**What needs to be done**
From top to bottom, retype the data exactly, passing over any picture.

**Data block**
◇ ◇ ◇ ◇ ◇

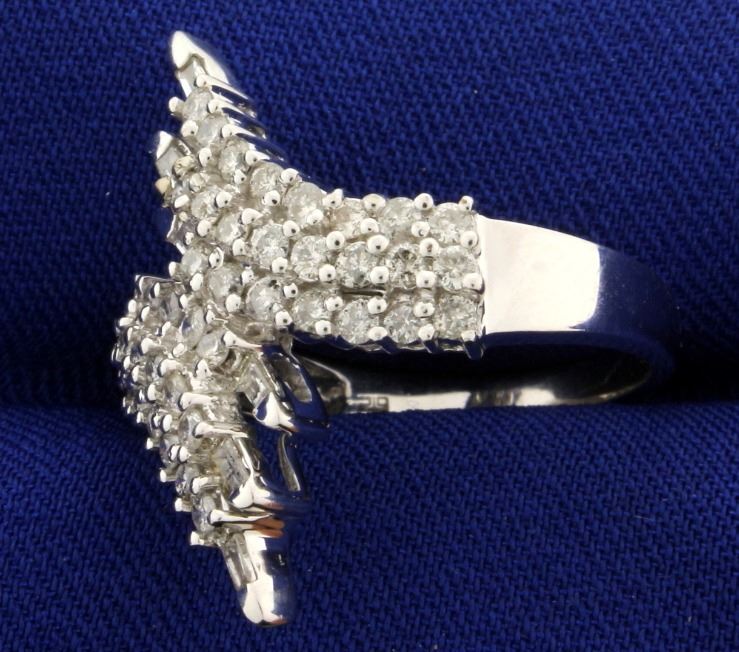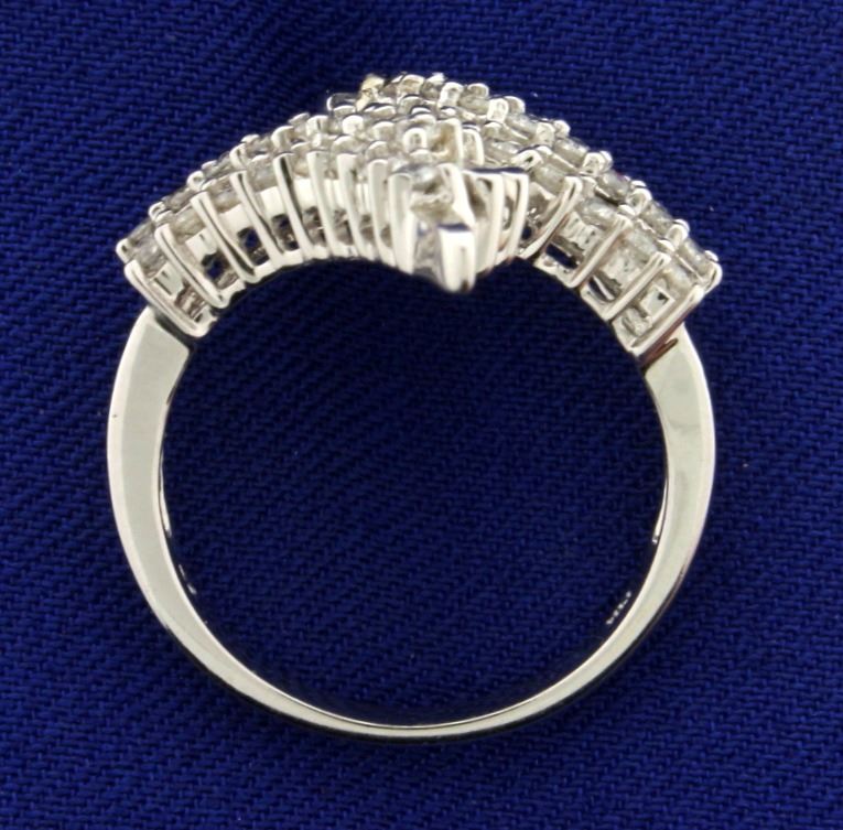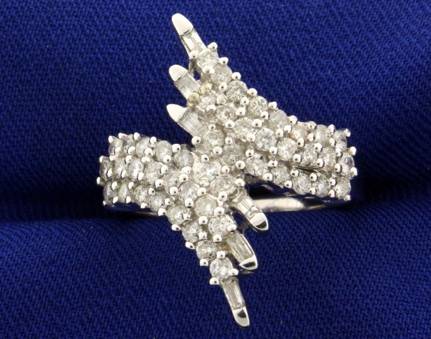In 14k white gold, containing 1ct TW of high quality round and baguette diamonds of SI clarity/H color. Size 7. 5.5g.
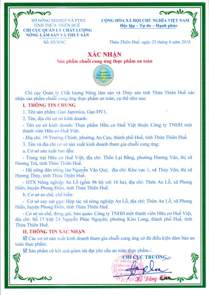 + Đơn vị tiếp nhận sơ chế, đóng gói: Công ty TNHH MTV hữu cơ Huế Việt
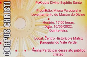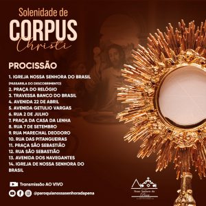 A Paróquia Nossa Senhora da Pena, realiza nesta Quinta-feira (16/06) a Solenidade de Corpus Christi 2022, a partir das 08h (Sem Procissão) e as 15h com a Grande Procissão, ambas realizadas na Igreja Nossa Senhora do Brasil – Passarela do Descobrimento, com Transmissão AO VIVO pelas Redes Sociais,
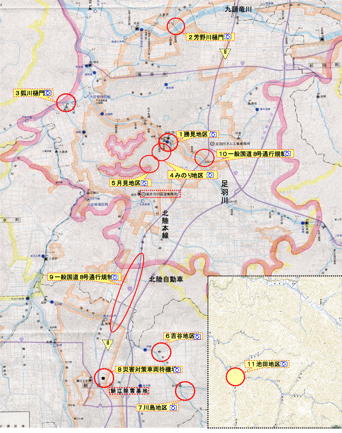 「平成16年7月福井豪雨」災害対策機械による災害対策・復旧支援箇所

◇ ◇ ◇ ◇ ◇

**Final answer**
In 14k white gold, containing 1ct TW of high quality round and baguette diamonds of SI clarity/H color. Size 7. 5.5g.
 + Đơn vị tiếp nhận sơ chế, đóng gói: Công ty TNHH MTV hữu cơ Huế Việt
 A Paróquia Nossa Senhora da Pena, realiza nesta Quinta-feira (16/06) a Solenidade de Corpus Christi 2022, a partir das 08h (Sem Procissão) e as 15h com a Grande Procissão, ambas realizadas na Igreja Nossa Senhora do Brasil – Passarela do Descobrimento, com Transmissão AO VIVO pelas Redes Sociais,
 「平成16年7月福井豪雨」災害対策機械による災害対策・復旧支援箇所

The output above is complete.